## Activity
Exact repetition of a range: find the line containing "Snakes in Suits, when" and the line containing "Equipos de la" in the material below, then repeat both and all lines between them, leaving pictures out.
*** Opening Data excerpts ***
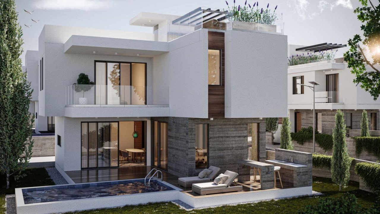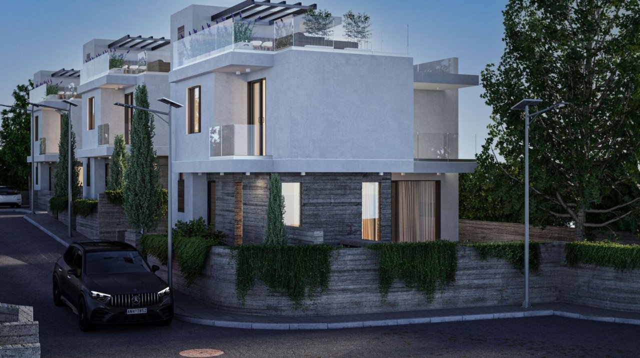 Stunning three bedroom villa set in a serene residential area of Konia a traditional village with an immense view, from where one can enjoy gazing all the way to the city of Pafos with ease. Nestled in a secluded location, these six modern homes offer the perfect blend of privacy and contemporary living. Enjoying a prime position adjacent to a large project green zone, providing residents with convenient access to a host of recreational amenities, including a tennis court, basketball court, and playground.  The architectural design showcases a captivating fusion of materials, exuding a timeless and sophisticated aesthetic. Upgrade your lifestyle with high-quality VRV systems and underfloor heating, ensuring optimal comfort year-round. Each villa boasts thoughtfully designed interiors, featuring spacious living areas flooded with natural light and tranquil bedrooms for ultimate relaxation. Step outside to private gardens and inviting patio areas, allowing you to revel in the Mediterranean climate and create lasting memories. Key Features Exclusive and secluded location High level of privacy and security High-quality and upgraded technology features Efficient cooling and heating with VRV systems Underfloor heating for added luxury and comfort BOSCH kitchen appliances Private pools Hans Grohe sanitaryware Cutting-edge security systems for enhanced safety Expansive living areas and peaceful retreat bedrooms Access to green zones with public park, playground, tennis court and basketball court Energy class: pending AVAILABILITY Villa  Covered internal area 163,8 sq.m. Covered veranda 37 sq.m. Roof garden 38 sq.m. There are more houses availble in this project.
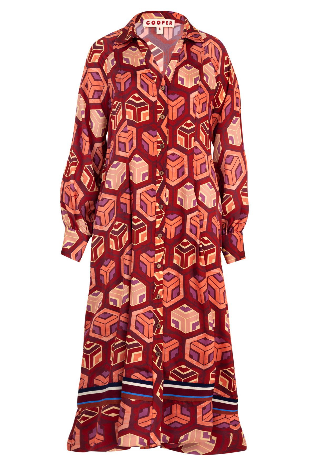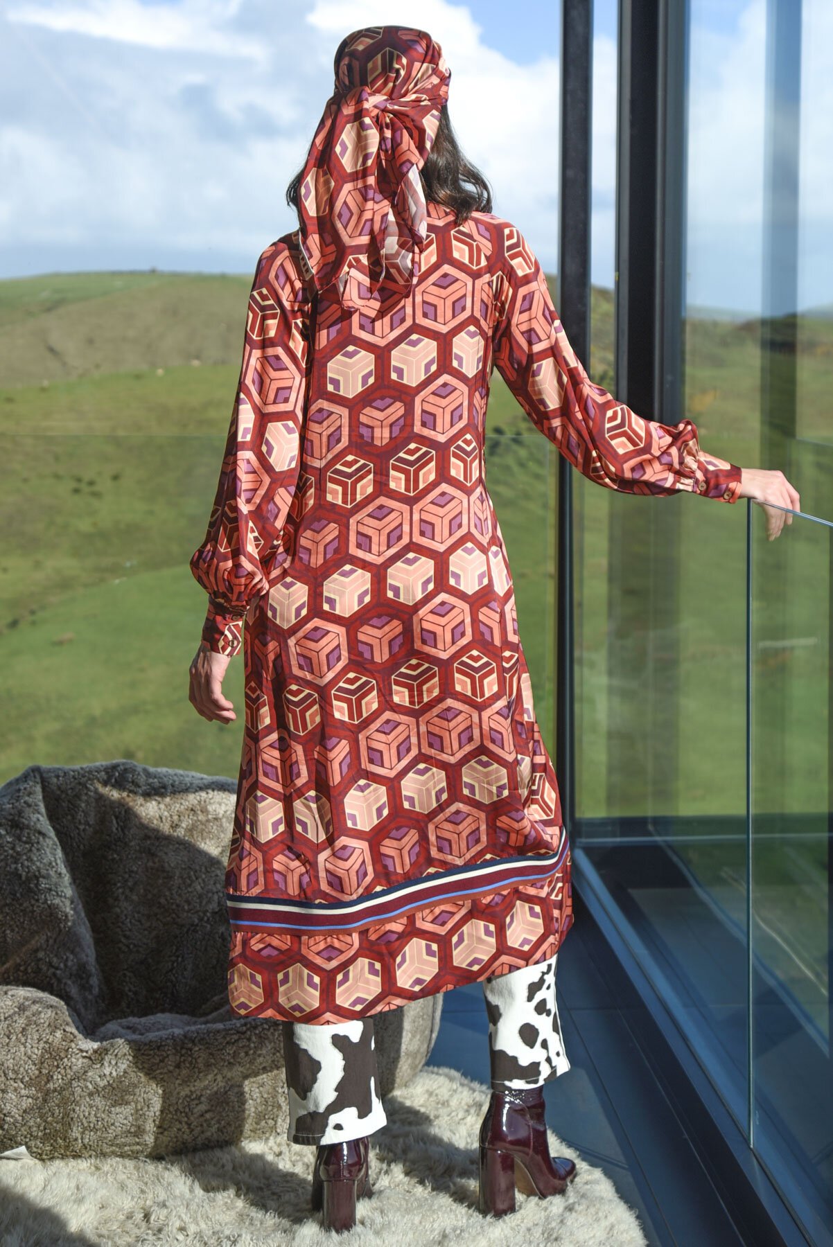 Designed with bold sophistication in mind, the ‘Winterful Dress’ dress is a masterclass in modern elegance. Crafted from the ‘Bold and Beautiful’ weighty satin fabrication that feels luxurious against the skin, the geometric pattern adds depth and intrigue, with rich hues that are perfect for the fall season. A button through front offers a classic refined look, complemented by grosgrain trim. Whether styled with boots or heels, this dress seamlessly transitions from casual to chic.
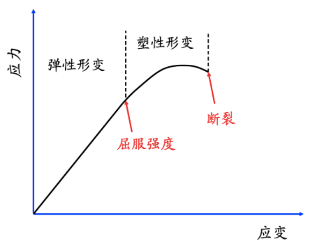 图3、典型材料的拉伸形变同应力之间的关系。此图明确表明应力是应变的函数, 是由形变引起的。
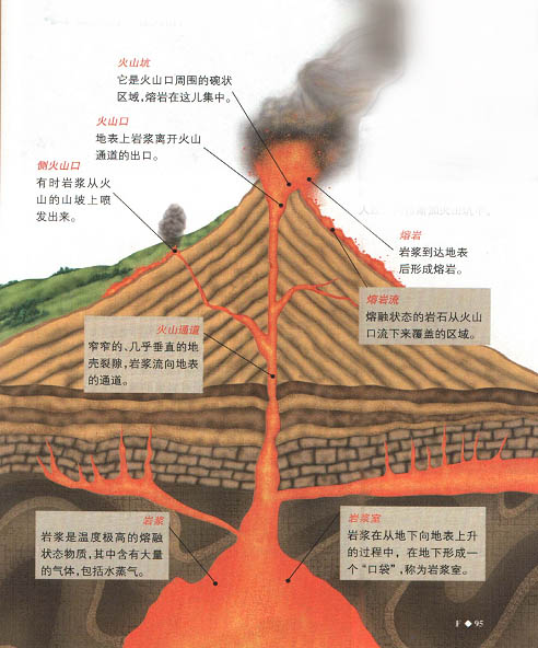 有时岩浆会突破地壳向外发一猛烈的喷发。这种
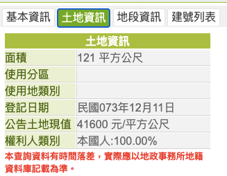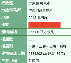 - 地籍圖資網路便民服務系統(可以用門牌查詢看到屋齡、建物面積、主要用途等資訊)
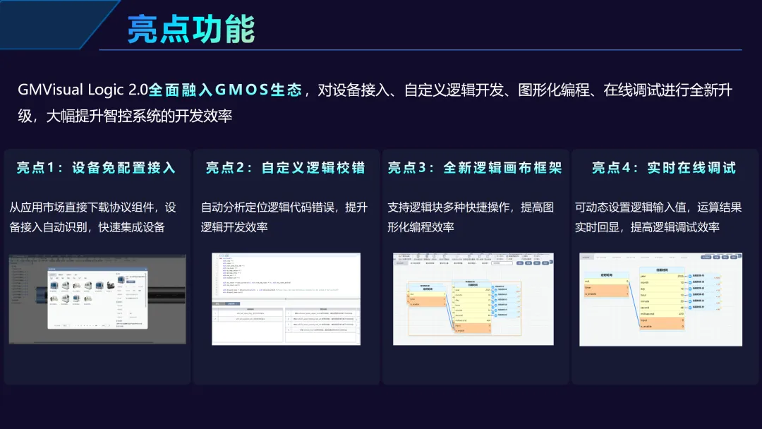GMVisual Logic 2.0:实现协议组件开发效率的飞跃。支持设备免配置接入、逻辑自动校错、画布自动整理、协议组件开发与在线调试等功能,结合全程可视化操作与配套教学视频,助力开发者快速掌握复杂任务,显著提升开发效率。
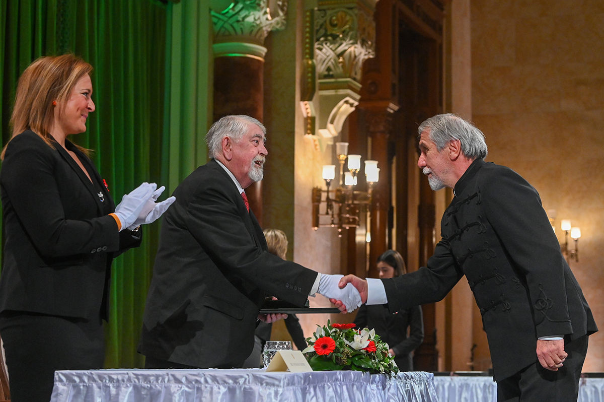 Detre Zsolt Álmos olimpiai bronzérmes, Európa-bajnoki kétszeres arany, ezüst és bronzérmes, harminckétszeres magyar bajnok vitorlázó (j) átveszi a március 15-e alkalmából odaítélt a Magyar Érdemrend Lovagkereszt polgári tagozat kitüntetést Kásler Miklóstól, az emberi erőforrások miniszterétől a Pesti Vigadóban 2022. március 11-én. MTI/Illyés Tibor
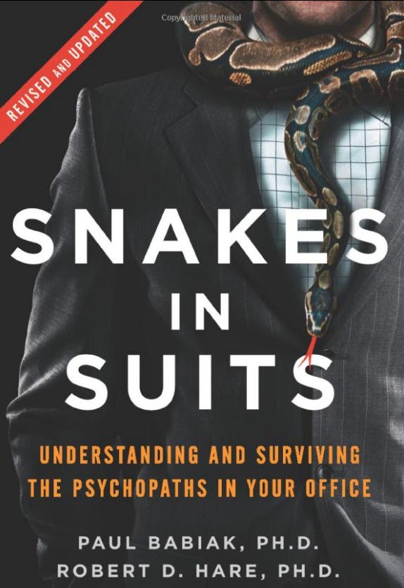 Snakes in Suits, when psychopaths go to work (2006) by Robert Hare and Paul Babiak
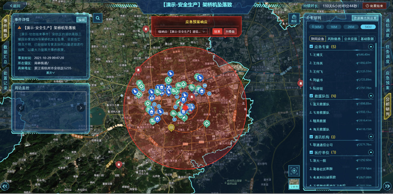 基于GIS一張圖,實現(xiàn)事件、保障資源、救援量的圖上指揮,結(jié)合各類音視頻終端設(shè)備,直達事發(fā)現(xiàn)場。
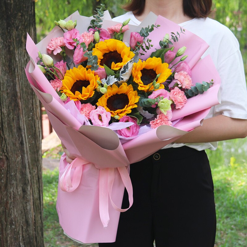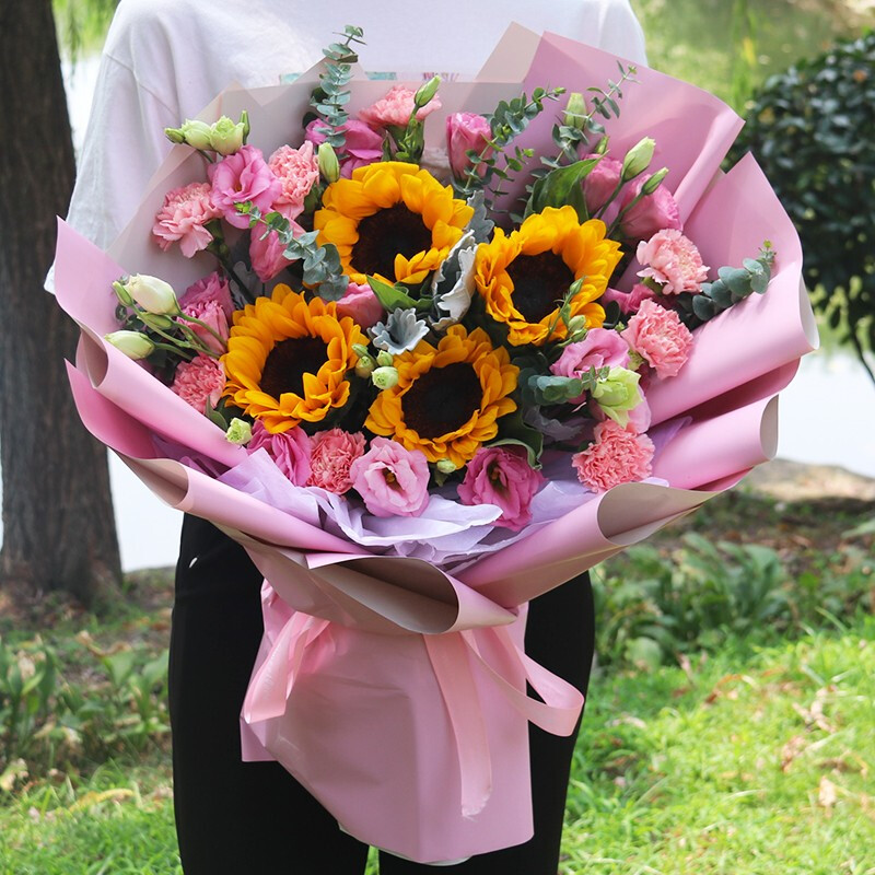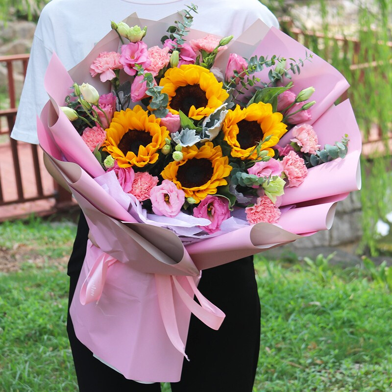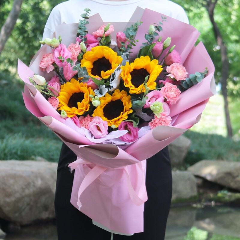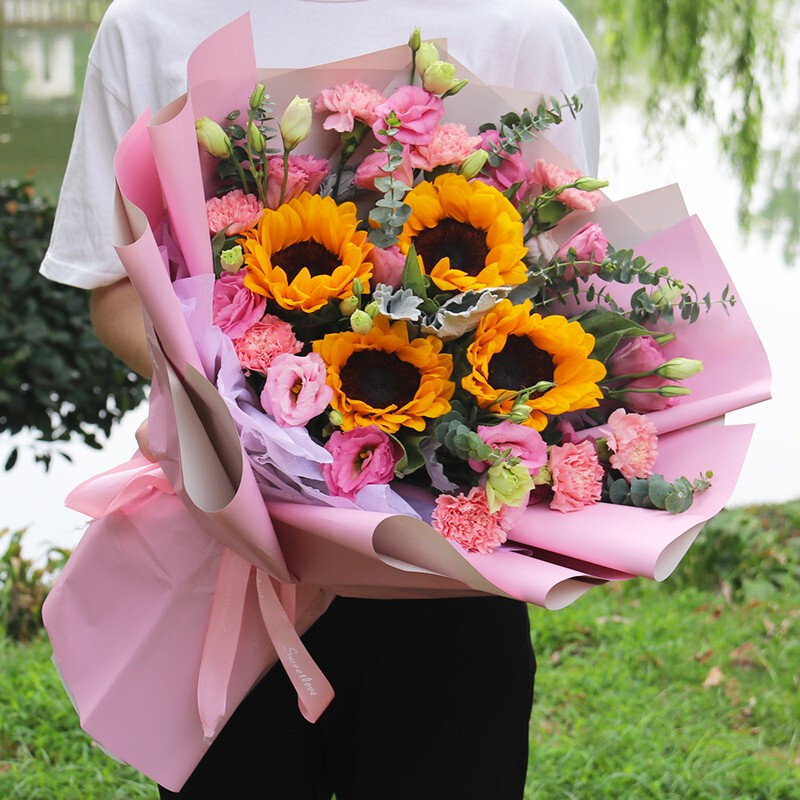 花 材:4支向日葵,8朵粉色康乃馨,6支粉色洋桔梗,尤加利叶装饰。
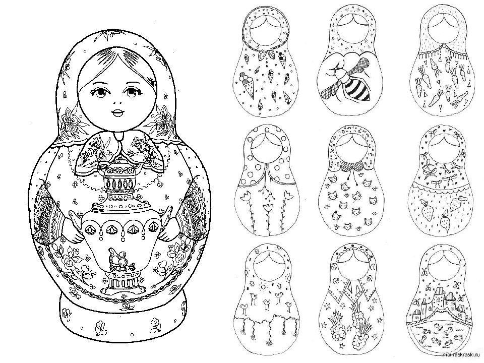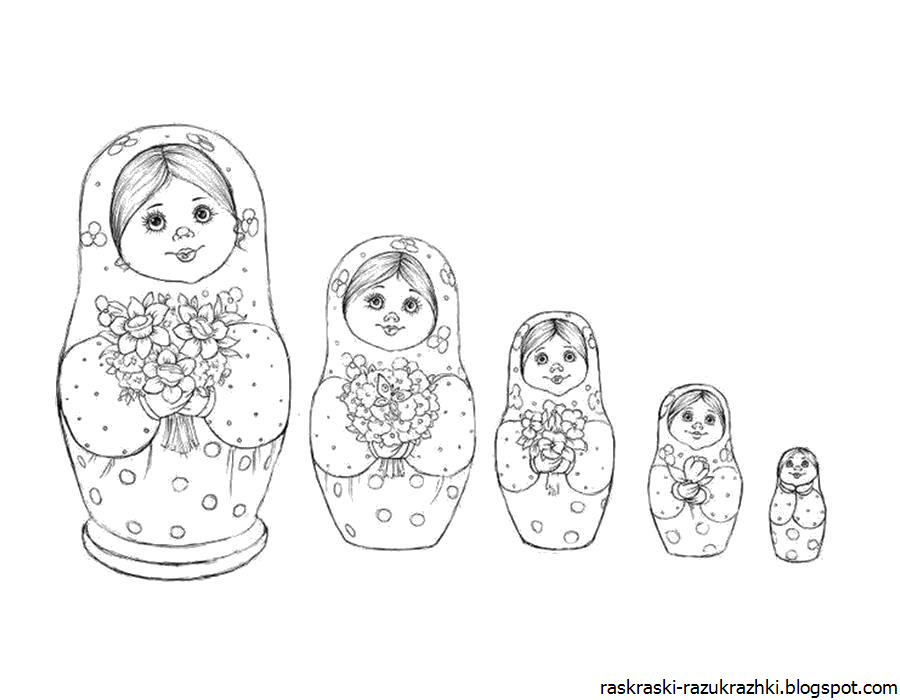 Раскраски матрешек для детей средней группы
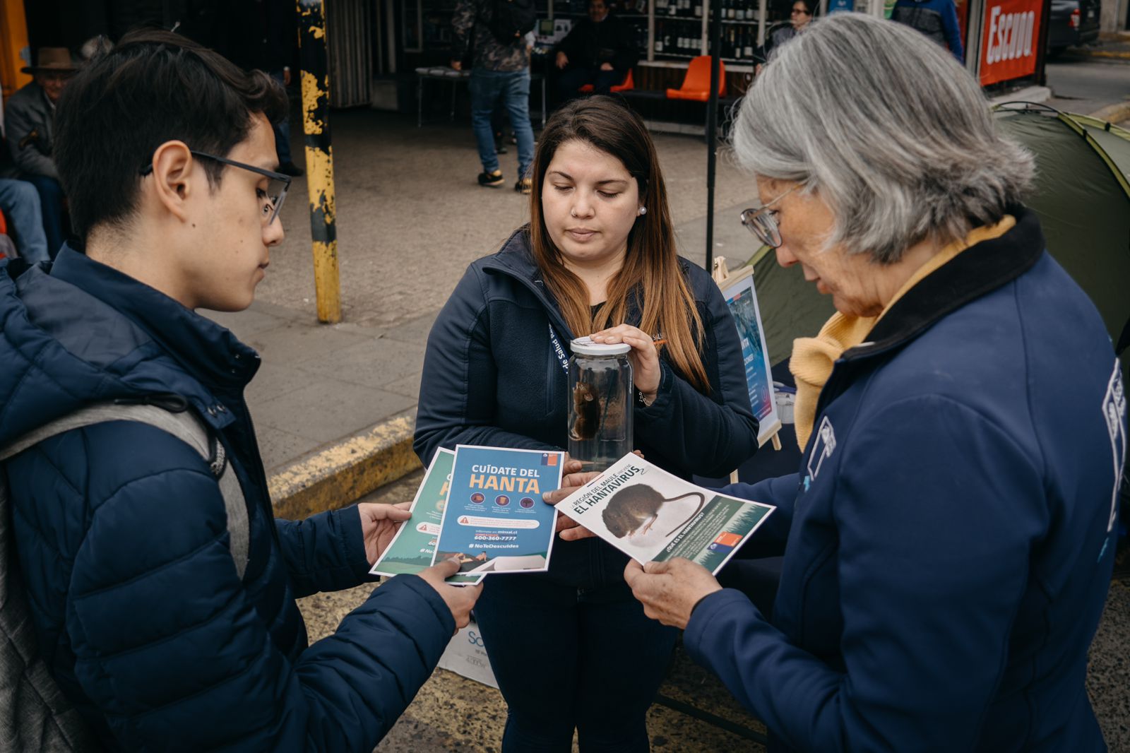 Equipos de la Seremi de Salud llegaron hasta el Terminal de Talca para educar a la comunidad sobre la prevención de la enfermedad que transmite el ratón de cola larga.
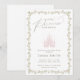 Celebre a chegada de uma pequena princesa com este convite de chá de bebê de castelo de contos de fadas elegante. Com um castelo de princesa em tons pastel suaves cercado por flores românticas de jardim, este design cria uma atmosfera mágica de livro de histórias perfeita para uma celebração real de chá de bebê.
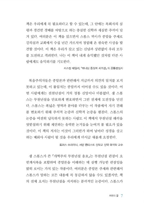 스톰스가 쓴 이 책은 크게 주목할 만한 작품으로서, 향후 몇 년 동안 무천년설 입장의 수호자로 자리매김할 것이 확실하다. 스톰스는 전천년설 견해들, 특히 세대주의 전천년설을 관대한 태도로 비판하는 데 남달리 뛰어난 재능이 있다. 스톰스는 후천년설이나 예언 성취론과 서로 의견을 나누는 방식에서도 이지적이고 통찰력 있는 면모를 보인다. 이 책은 내가 앞으로도 개인적인 연구나 목회 사역에서 몇 번이고 되풀이해서 다시 살피고 싶은 작품이다. 스톰스는 이해하기 쉽고 삶과 연결되는 온정적인 학식으로 교회를 섬기는 본보기를 우리에게 제공한다.
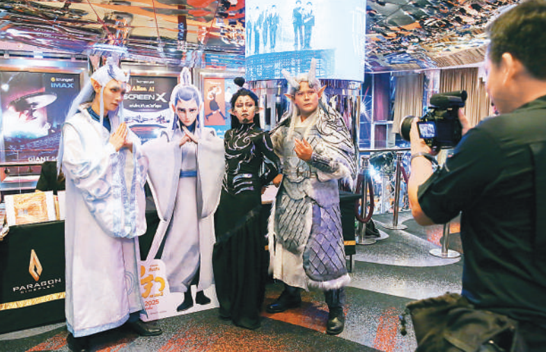 动画电影《哪吒之魔童闹海》中的角色深受网友喜爱。图为该电影在泰国曼谷的首映活动现场,人们打扮成动画角色模样与电影展板合影。新华社记者 孙玮彤摄
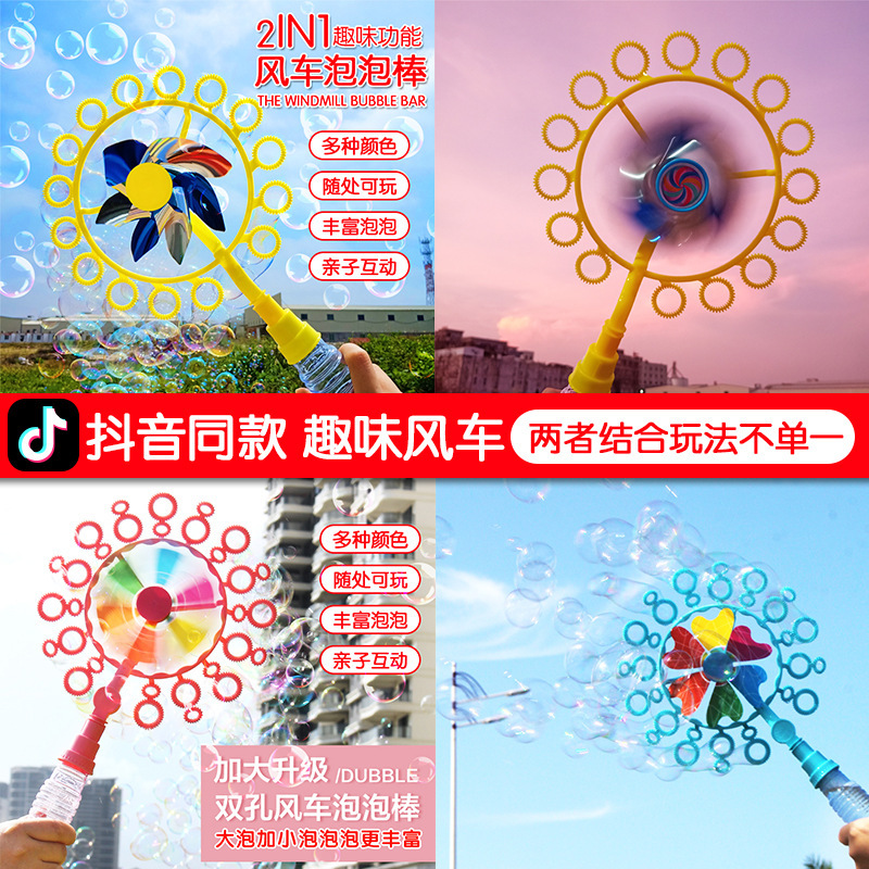 4637ディザトーンアップグレードの泡風車七彩双穴泡棒泡吹器手動多泡風車メーカー
*** Closing Data excerpts ***
## Output of the exercise
 Snakes in Suits, when psychopaths go to work (2006) by Robert Hare and Paul Babiak
 基于GIS一張圖,實現(xiàn)事件、保障資源、救援量的圖上指揮,結(jié)合各類音視頻終端設(shè)備,直達事發(fā)現(xiàn)場。
 花 材:4支向日葵,8朵粉色康乃馨,6支粉色洋桔梗,尤加利叶装饰。
 Раскраски матрешек для детей средней группы
 Equipos de la Seremi de Salud llegaron hasta el Terminal de Talca para educar a la comunidad sobre la prevención de la enfermedad que transmite el ratón de cola larga.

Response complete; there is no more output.